At some point, everyone knew, Netflix’s subscriber growth in the United States had to slow down. The company’s video-streaming service is nearing market saturation among its core demographic — affluent young-to-middle-aged people — meaning further gains will be harder to come by. Still, it was a bit of a shock for investors to learn from Monday’s earnings report that Netflix had added only 160,000 US subscribers in the second quarter, a 0.3 per cent gain over the previous quarter.

International subscriptions grew by a more impressive 1.52 million, but that was below what the company had forecast as well. The earnings report was seen as a significant stumble, and Netflix’s stock is down about 14 per cent on the day as I write. Still, since we all knew this US slowdown was coming — to be followed several years down the road by similar slowdowns overseas — it seems like the really important question is how Netflix copes with it.

Does the company have the ability to get more money out of each subscriber as subscriber growth slows? So far, it looks like the answer is yes, albeit not a lot more money.

In 2013, Netflix began experimenting with tiered pricing that charged new US subscribers more for higher video quality and the ability to stream on multiple screens at the same time. As it rolled that out, revenue per subscriber — average revenue per user, or ARPU, is the standard industry term — began a steady rise. In the second quarter, Netflix began “ungrandfathering” longtime subscribers and putting them on the tiered plan, too, leading to a 4 per cent increase in revenue per user over the previous quarter, but also a lot of churn as irked customers cancelled.

The “ungrandfathering” in the US will not be completed until November, so the rest of the year could be interesting. Still, the second quarter is usually the weakest one for subscriber growth at Netflix. Annual subscriber growth will surely be substantially higher than the 1.2 per cent that the second-quarter numbers imply — it was 14 per cent in 2015. Revenue per subscriber, meanwhile, has been rising at about a 5 per cent annual pace since early 2014.
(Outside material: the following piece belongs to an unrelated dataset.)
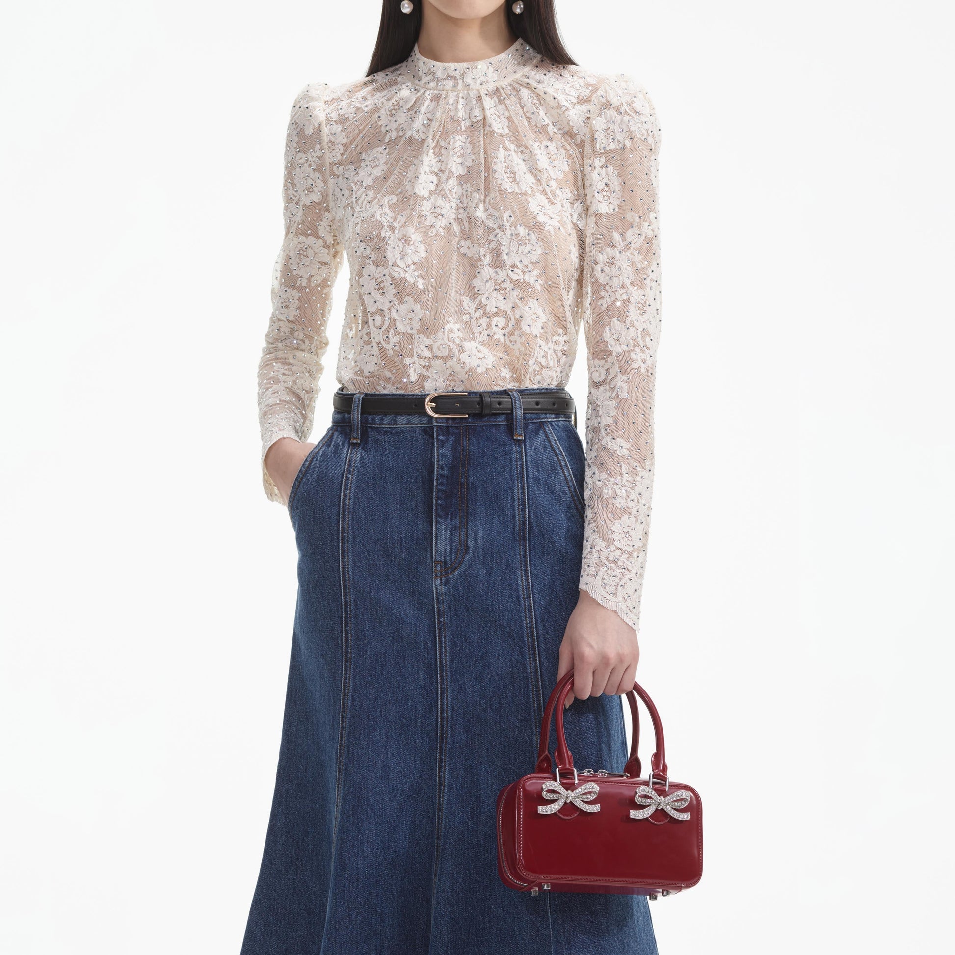 Romantizm ve cazibe, bu taş işlemeli dantel üstte şık tırtıklı yakayla arzu edilen bir ikili oluşturuyor. Kızlar gecesi için mini bir etekle veya gündelik şıklık için iddialı kotumuzla kombinleyin.
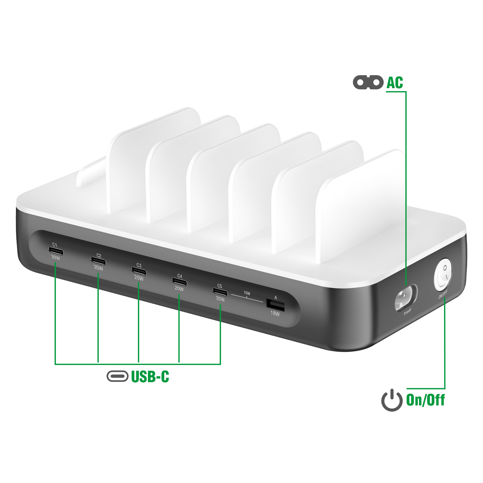 Station de charge multiport série Team de 4smarts. 5 ports USB-C (20W chacun) + 1 port USB. 100W de puissance totale. Inclut 5 câbles USB-C + 1 câble 4 en 2 (USB-C, Lightning, Micro-USB). Charge jusqu'à 9 appareils simultanément. Système de protection intégré. Bouton marche/arrêt. Séparateurs intégrés pour une organisation optimale. Design compact.

Put those together and you’ve got a company that can keep revenue and earnings growing, even in its most mature market. How much can they grow? At $8.55 a month, Netflix’s per-subscriber revenue has a long, long way to rise before it gets anywhere close to cable giant Comcast’s $82.41. On the other hand, the same technological changes that have allowed Netflix to disrupt cable TV at a relatively low cost mean that other streaming services face low barriers to entry as well.

Netflix has got a lot of advantage from being first and being smart, but it is not a natural monopoly in the way that a cable provider is. Instead, it is becoming a big media company. That may not be as exciting as a technology start-up, but can still be a pretty great business.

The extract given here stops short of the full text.